Renáta Tóth, Gergő Molnár, Adrienn Riba, Péter Horváth, Csaba Vágvölgyi, Attila Gácser

University of Szeged, Department of Microbiology

Over recent years there has been exponential growth in the number of yeast genome sequences. Despite the growth of sequence information, a large number of fungal genes remain uncharacterized. For studying gene function the two methods are to generate over-expression or knock-out mutations.

In our previous work several fungal transcriptional factors have been identified using RNA-Seq data, that were overexpressed during host-pathogen interactions.

Based on these data and using the GatewayTM technology we were able to generate C. parapsilosis strains that over-express our genes of interest. For this, C.

parapsilosis CLIB 214 leu- strain was used. Using the caSAT1 flipper system we have integrated the RP10 locus of C. albicans SC5314 to the RP10 locus of C.

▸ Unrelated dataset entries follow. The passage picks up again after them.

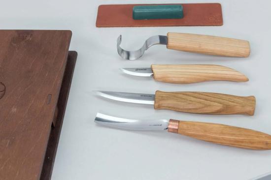 In addition to the carving tools, the set includes a leather strop and a green-gray polishing compound to help maintain sharpness and extend tool life.
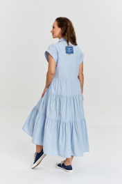 Платье из 100% хлопка с легким крэш эффектом, длиной миди спереди и удлиненной спинкой, с застежкой на пуговицы по переду до низа и рубашечным воротником. Рукав короткий, цельнокроеный, с притачной манжетой. Платье отрезное по линии талии. Низ изделия - сосборенные воланы ярусами. На переде накладные карманы. Изделие декорировано авторскими джинсовыми нашивками с необработанными срезами.
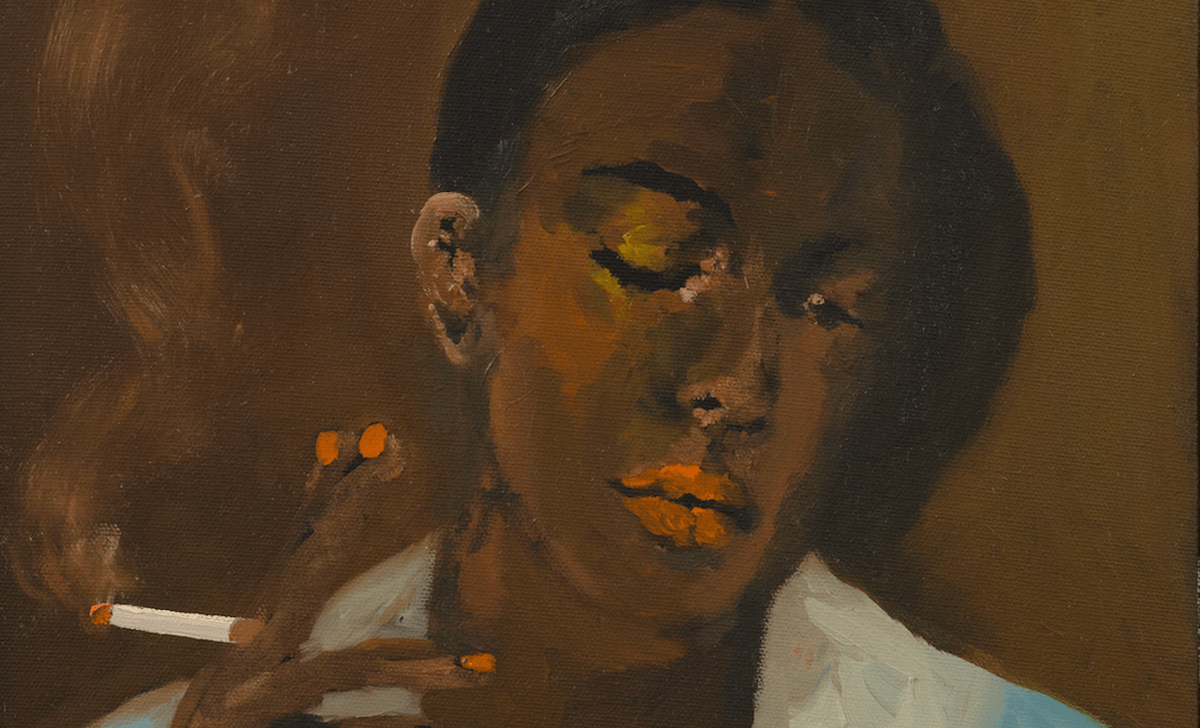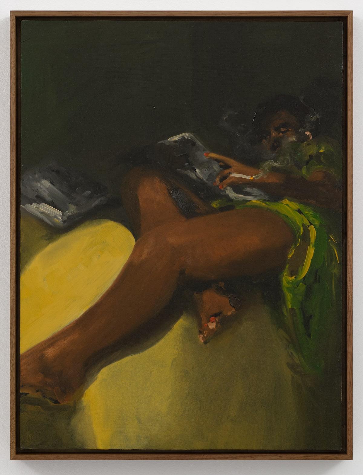 Mckinney reclaims and resituates the notion that in art history, Black women have been relegated to the fringes of paintings, often at work or in the background. Instead, she focused on the interior life of these often-forgotten figures: what they do when they get home after a long day – do they smoke a cigarette? Read a book? Paint their nails? Lie down on their sofa? McKinney’s paintings highlight the mundane, everyday life for Black women and focuses on their rest, while simultaneously creating distance between the viewers and the figures.

parapsilosis CLIB 214 leu- strain. With this integration we were able to adopt the TDH3p-CLP10 over-expression system established in C. albicans. A TDH3p- CLP10-GFP constuct was used to test wether this system is able to express the genes in C. parapsilosis. For entry vectors the pDONR 221, while for destination vectors the TDH3p-CLP10 containing vectors were applied. All of the mutants are barcoded using a 20bp tag. For gene knock out mutation, upstream and downstream gene specific flanking PCR products were generated and additionally, HIS1 and LEU2 markers were amplified from the vectors pSN52 and pSN40. After fusion PCR chemical transformations were carried out in C. parapsilosis CLIB leu-/his- auxotrophic strain. All of the transformants were barcoded using a 20bp tag. The null mutant strains are being tested in different conditions. We found mutants that show different phenotypes such as increased pseudohyphae formation or regressed growth in different temperatures. In the future, with these methods we are able to identify key regulators that may play a role in the virulence of C. parapsilosis. This research was realized in the frame of TÁMOP 4.2.4. A/2-11-1-2012-0001 „National Excellence Program – Elaborating and operating an inland student and researcher personal support systems convergence program”. The project was subsidized by the European Union and co-financed by the European Social Fund.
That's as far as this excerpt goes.